» **EXTRACTED DATA**
[Start of section]
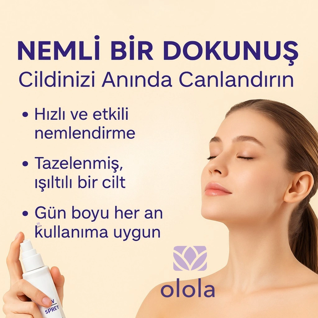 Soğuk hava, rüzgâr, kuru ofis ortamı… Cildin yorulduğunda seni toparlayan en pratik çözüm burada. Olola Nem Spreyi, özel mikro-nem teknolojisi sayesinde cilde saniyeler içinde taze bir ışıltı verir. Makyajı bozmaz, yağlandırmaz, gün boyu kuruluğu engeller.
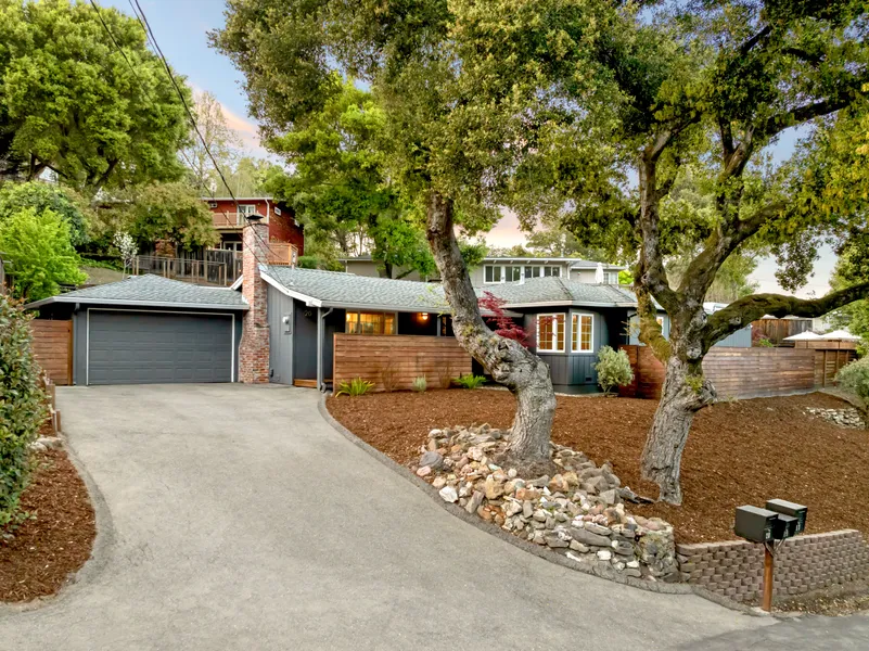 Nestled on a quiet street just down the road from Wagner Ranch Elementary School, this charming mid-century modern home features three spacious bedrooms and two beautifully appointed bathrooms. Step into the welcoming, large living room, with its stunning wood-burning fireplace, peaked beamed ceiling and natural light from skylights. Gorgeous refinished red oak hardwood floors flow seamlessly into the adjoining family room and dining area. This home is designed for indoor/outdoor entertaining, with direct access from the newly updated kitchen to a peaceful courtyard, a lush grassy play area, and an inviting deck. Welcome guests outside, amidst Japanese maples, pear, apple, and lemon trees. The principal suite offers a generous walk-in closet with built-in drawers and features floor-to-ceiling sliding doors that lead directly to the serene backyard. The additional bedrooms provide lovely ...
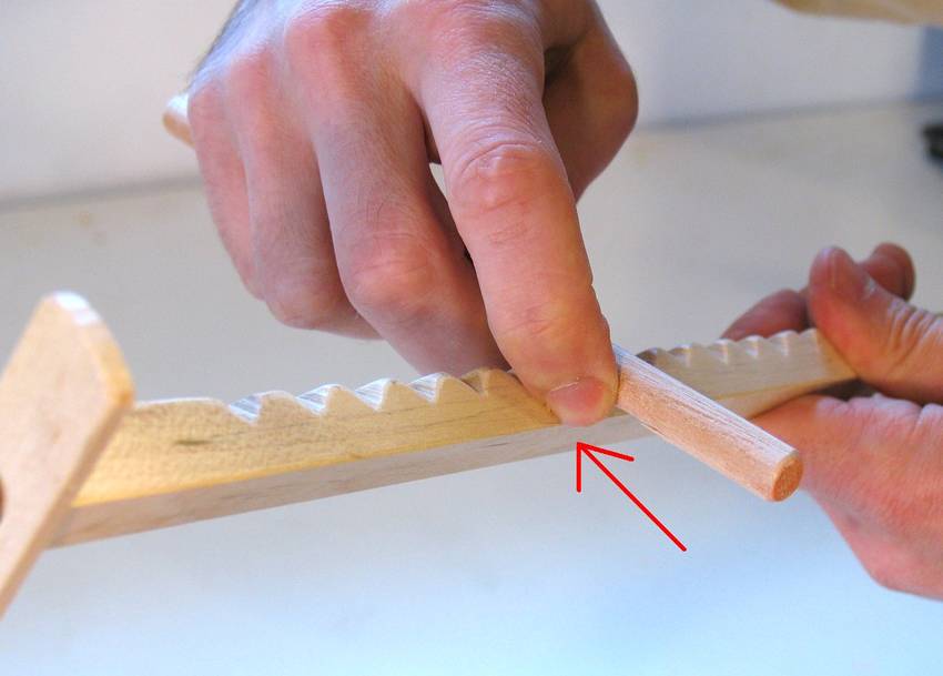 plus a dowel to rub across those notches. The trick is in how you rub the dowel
[End of section]
[Start of section]
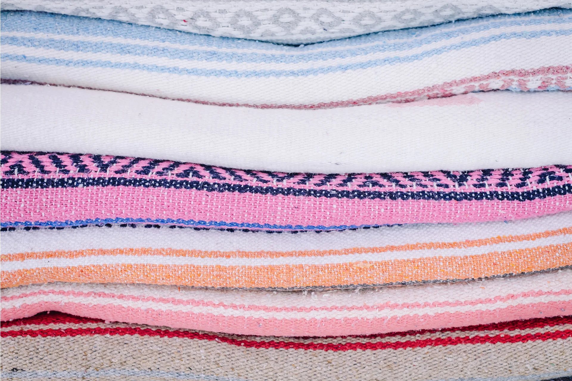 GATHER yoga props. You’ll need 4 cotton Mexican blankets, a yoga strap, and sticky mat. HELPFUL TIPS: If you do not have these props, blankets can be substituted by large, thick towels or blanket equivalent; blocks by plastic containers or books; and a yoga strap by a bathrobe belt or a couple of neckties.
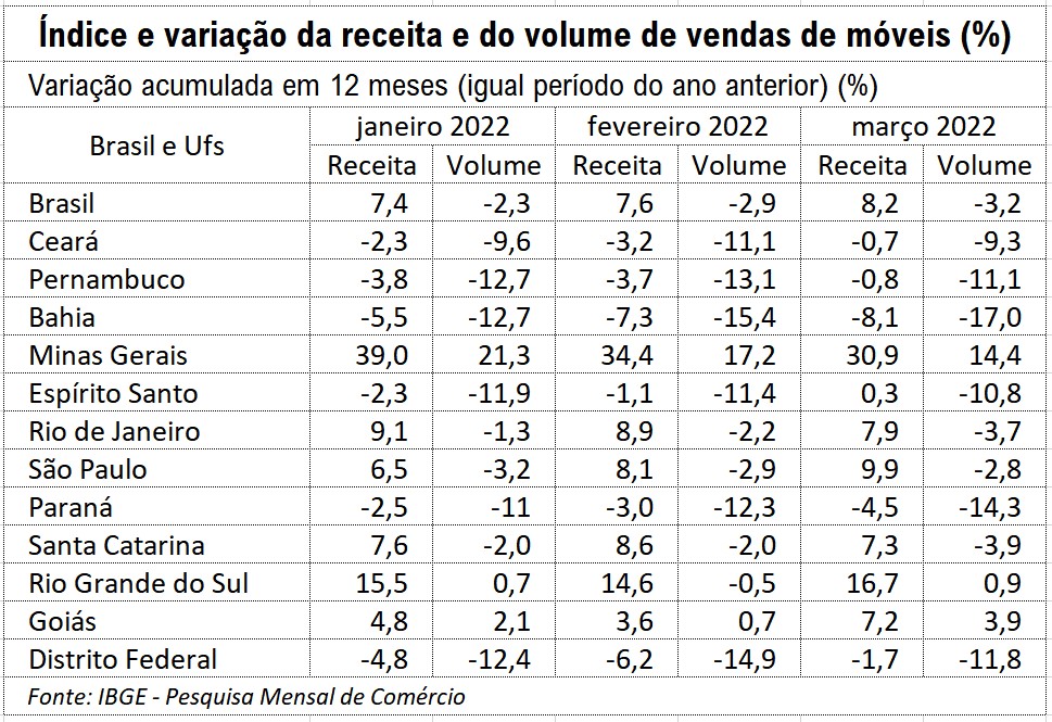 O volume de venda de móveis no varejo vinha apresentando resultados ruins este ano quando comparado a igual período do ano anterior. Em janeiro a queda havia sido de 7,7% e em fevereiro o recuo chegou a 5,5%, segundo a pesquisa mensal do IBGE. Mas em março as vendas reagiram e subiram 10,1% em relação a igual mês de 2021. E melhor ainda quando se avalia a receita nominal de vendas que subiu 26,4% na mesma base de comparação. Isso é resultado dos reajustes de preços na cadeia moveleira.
[End of section]
» **EXERCISE DETAILS**
Look above for the line holding "Soğuk hava, rüzgâr, kuru" and output everything from it down to the line holding "plus a dowel", both ends included, exactly and without images.

» **TASK RESULT**
 Soğuk hava, rüzgâr, kuru ofis ortamı… Cildin yorulduğunda seni toparlayan en pratik çözüm burada. Olola Nem Spreyi, özel mikro-nem teknolojisi sayesinde cilde saniyeler içinde taze bir ışıltı verir. Makyajı bozmaz, yağlandırmaz, gün boyu kuruluğu engeller.
 Nestled on a quiet street just down the road from Wagner Ranch Elementary School, this charming mid-century modern home features three spacious bedrooms and two beautifully appointed bathrooms. Step into the welcoming, large living room, with its stunning wood-burning fireplace, peaked beamed ceiling and natural light from skylights. Gorgeous refinished red oak hardwood floors flow seamlessly into the adjoining family room and dining area. This home is designed for indoor/outdoor entertaining, with direct access from the newly updated kitchen to a peaceful courtyard, a lush grassy play area, and an inviting deck. Welcome guests outside, amidst Japanese maples, pear, apple, and lemon trees. The principal suite offers a generous walk-in closet with built-in drawers and features floor-to-ceiling sliding doors that lead directly to the serene backyard. The additional bedrooms provide lovely ...
 plus a dowel to rub across those notches. The trick is in how you rub the dowel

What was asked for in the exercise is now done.